» **DATA EXTRACT**:
=== Section Start ===
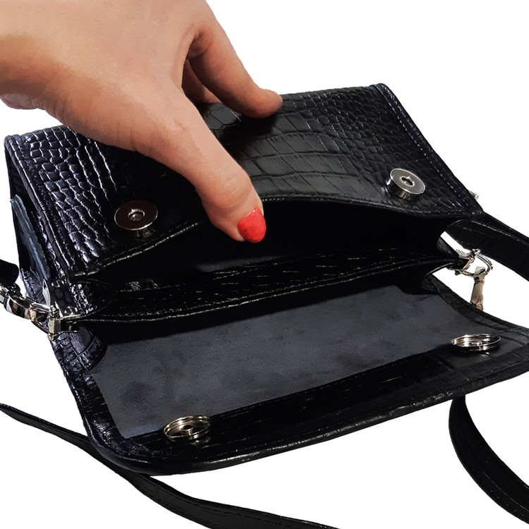 این کیف دارای دو تبل راحت و مناسب برای حمل آسان روی شانه است. قسمت داخلی آن نیز دارای جیبهای مناسب برای قرار دادن وسایل ضروری همچون گوشی تلفن همراه، کارتها و سایر لوازم است.
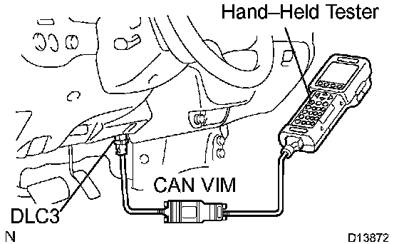(1) Connect a hand-held tester to the Controller Area Network Vehicle Interface Module (CAN VIM). Then connect the CAN VIM to the Date Link Connector 3 (DLC3)
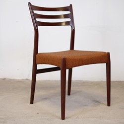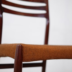 These beautiful chairs with slightly curved backrests has great seating comfort and a majestic expression that gives the chair everything we know Svend Aage Madsen best for. You can see the stamp in the chairs very weakly.
=== Section End ===
» **EXERCISE DETAILS**:
Set the entire listing down again, exact in every line, without any pictures.

» **OUTPUT**:
 این کیف دارای دو تبل راحت و مناسب برای حمل آسان روی شانه است. قسمت داخلی آن نیز دارای جیبهای مناسب برای قرار دادن وسایل ضروری همچون گوشی تلفن همراه، کارتها و سایر لوازم است.
(1) Connect a hand-held tester to the Controller Area Network Vehicle Interface Module (CAN VIM). Then connect the CAN VIM to the Date Link Connector 3 (DLC3)
 These beautiful chairs with slightly curved backrests has great seating comfort and a majestic expression that gives the chair everything we know Svend Aage Madsen best for. You can see the stamp in the chairs very weakly.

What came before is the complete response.